[Task objective]
Copy each entry below exactly. No images.

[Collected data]
◇ ◇ ◇

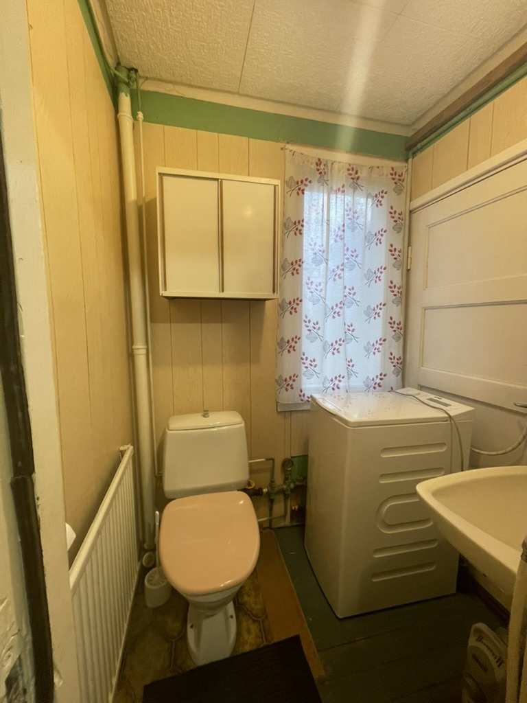 | Saunan kuvaus | Pesutilat saunatiloissa, yläkerrassa uusi suihkukaappi mikäli uusi omistaja haluaa tehdä keskikerrokseen suihkutilan |
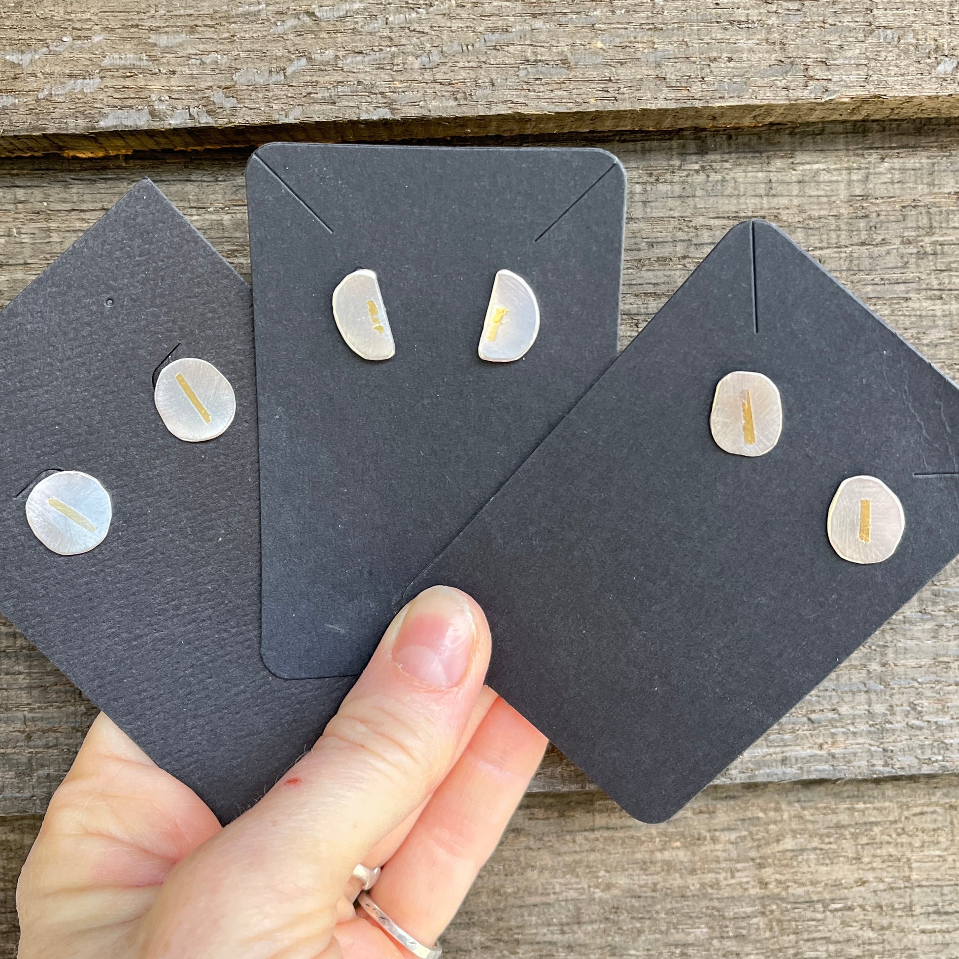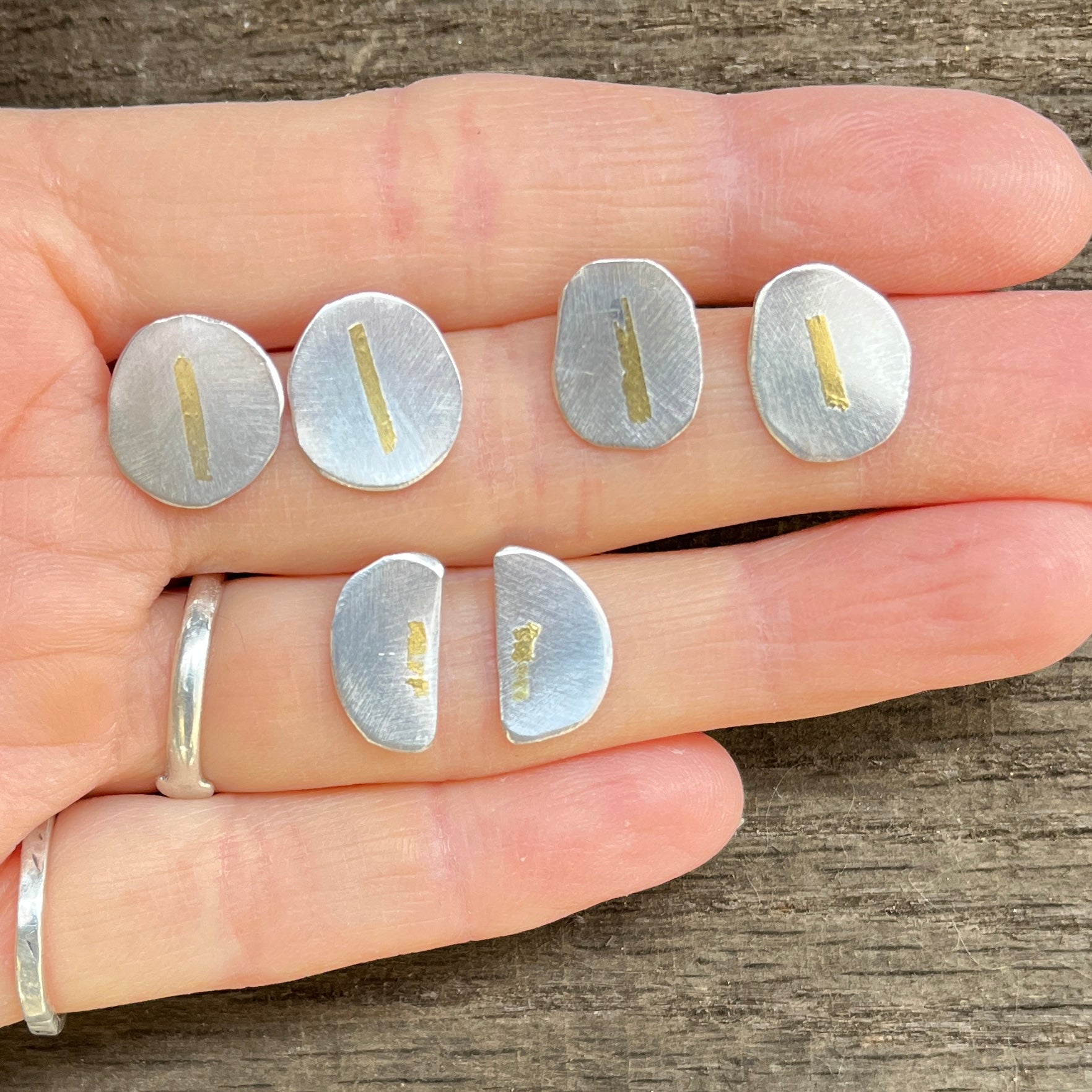 Small Sterling silver stud earrings using recycled silver and the Korean technique, Keum-boo, of fusing gold leaf to silver.
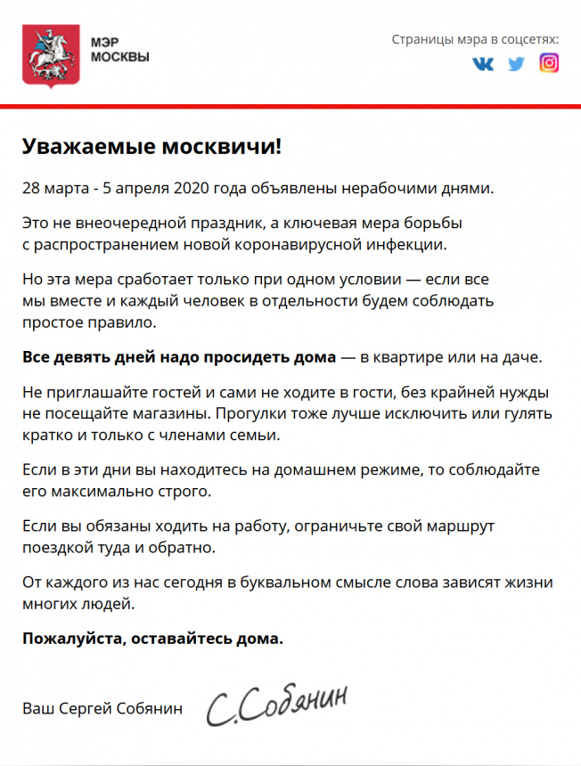 У меня большая просьба. Кто вдруг по каким-то причинам будет в каких-то общественных местах (хотя действительно - нужно оставаться дома, это все не шутки, просто правительство должно ввести карантин, а не ограничиваться просьбами, которые мало кто будет исполнять), сфотографируйте, плиз, как москвичи выполняют просьбу Сергея Семеновича, и выложите здесь в комментариях. Потому что мне вот что-то подсказывает, что москвичи (как и люди в большинстве других стран), положат на такие просьбы с большим прибором и время будет упущено.
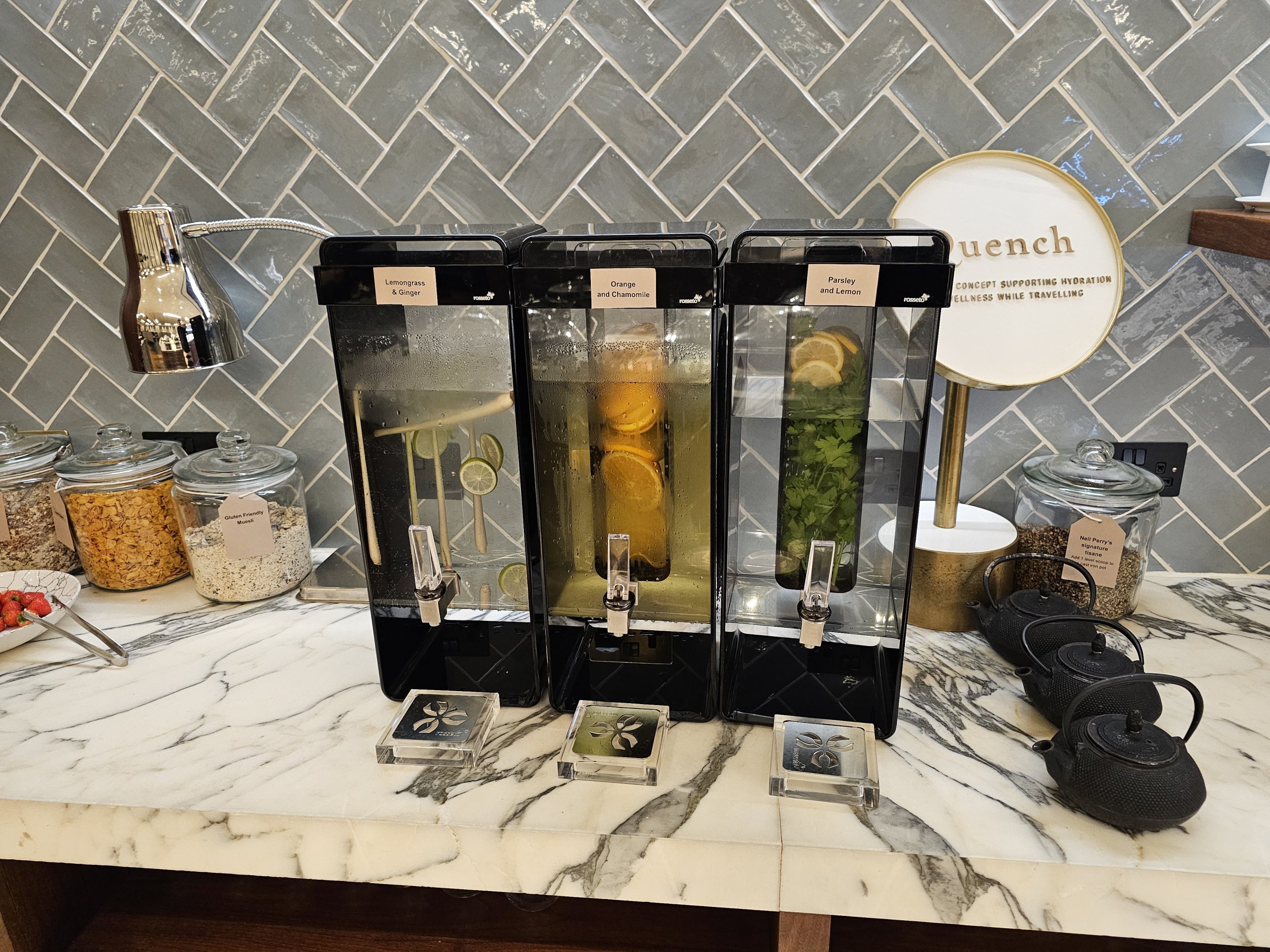 No entanto, há uma completa falta de balcões com outros doces ou talvez queijo ou fiambre. De um modo geral, a oferta gastronómica não é tão extensa como, por exemplo, a do salão Cathay Pacific, situado ao lado.
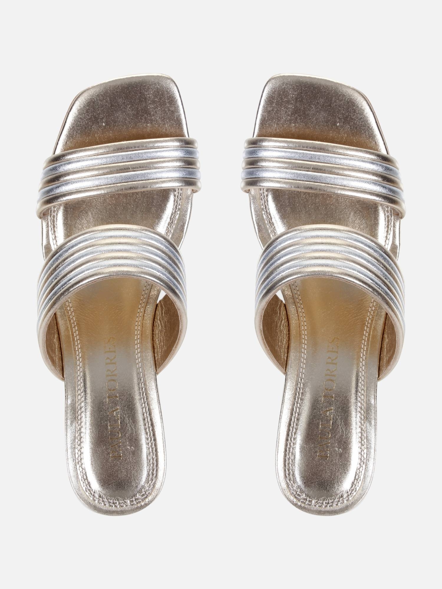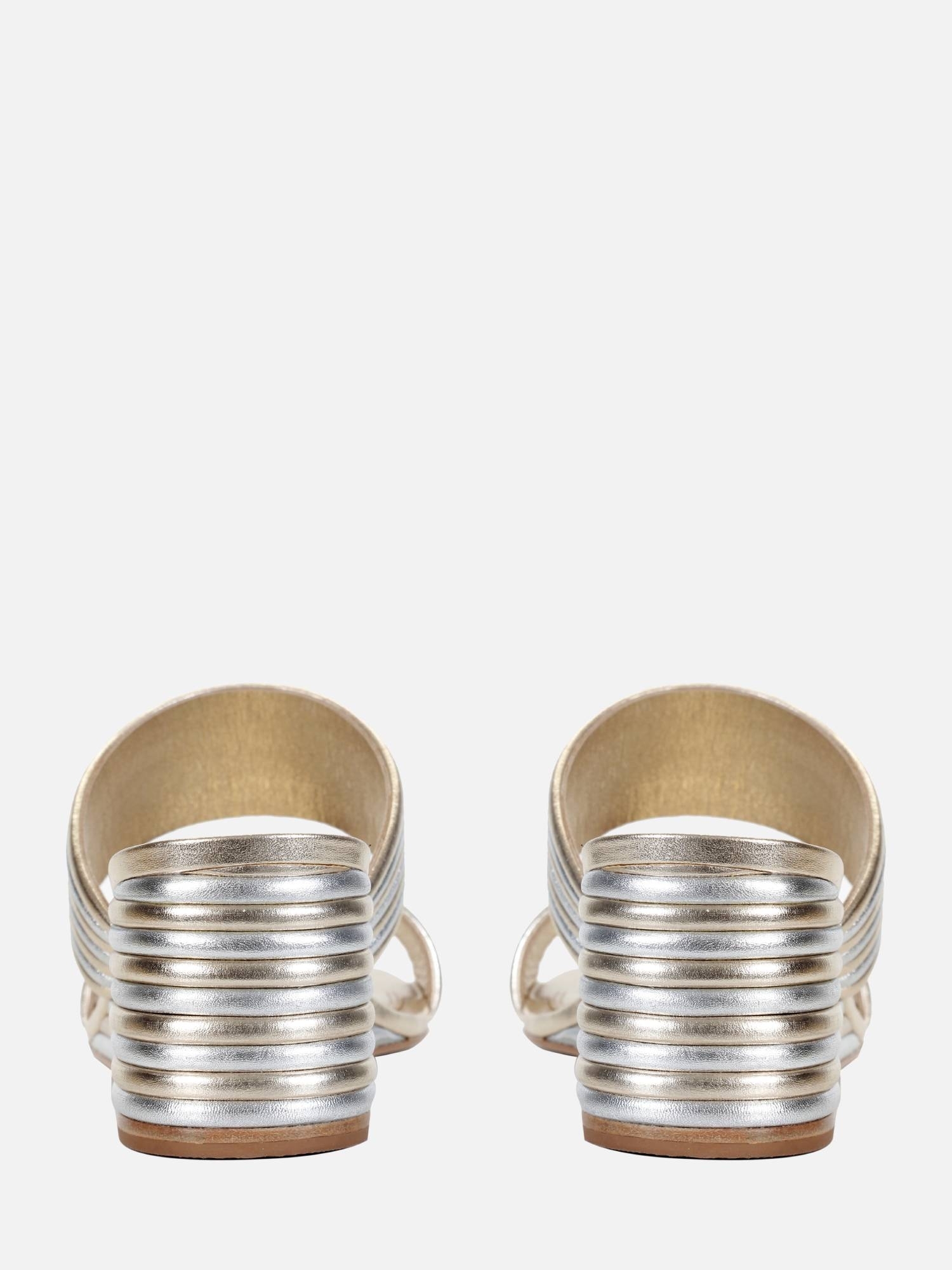 O mule Nina é produzido em couro metalizado. Ele possui duas tiras largas que envolvem o peito do pé, proporcionando estabilidade ao caminhar. Tanto o cabedal quanto o salto Anabela são revestidos com finas tiras de couro, que criam um efeito canelado elegante, combinando as cores prata e saturno. O solado também é feito de couro, completando o visual refinado do modelo.

◇ ◇ ◇

[Task result]
 | Saunan kuvaus | Pesutilat saunatiloissa, yläkerrassa uusi suihkukaappi mikäli uusi omistaja haluaa tehdä keskikerrokseen suihkutilan |
 Small Sterling silver stud earrings using recycled silver and the Korean technique, Keum-boo, of fusing gold leaf to silver.
 У меня большая просьба. Кто вдруг по каким-то причинам будет в каких-то общественных местах (хотя действительно - нужно оставаться дома, это все не шутки, просто правительство должно ввести карантин, а не ограничиваться просьбами, которые мало кто будет исполнять), сфотографируйте, плиз, как москвичи выполняют просьбу Сергея Семеновича, и выложите здесь в комментариях. Потому что мне вот что-то подсказывает, что москвичи (как и люди в большинстве других стран), положат на такие просьбы с большим прибором и время будет упущено.
 No entanto, há uma completa falta de balcões com outros doces ou talvez queijo ou fiambre. De um modo geral, a oferta gastronómica não é tão extensa como, por exemplo, a do salão Cathay Pacific, situado ao lado.
 O mule Nina é produzido em couro metalizado. Ele possui duas tiras largas que envolvem o peito do pé, proporcionando estabilidade ao caminhar. Tanto o cabedal quanto o salto Anabela são revestidos com finas tiras de couro, que criam um efeito canelado elegante, combinando as cores prata e saturno. O solado também é feito de couro, completando o visual refinado do modelo.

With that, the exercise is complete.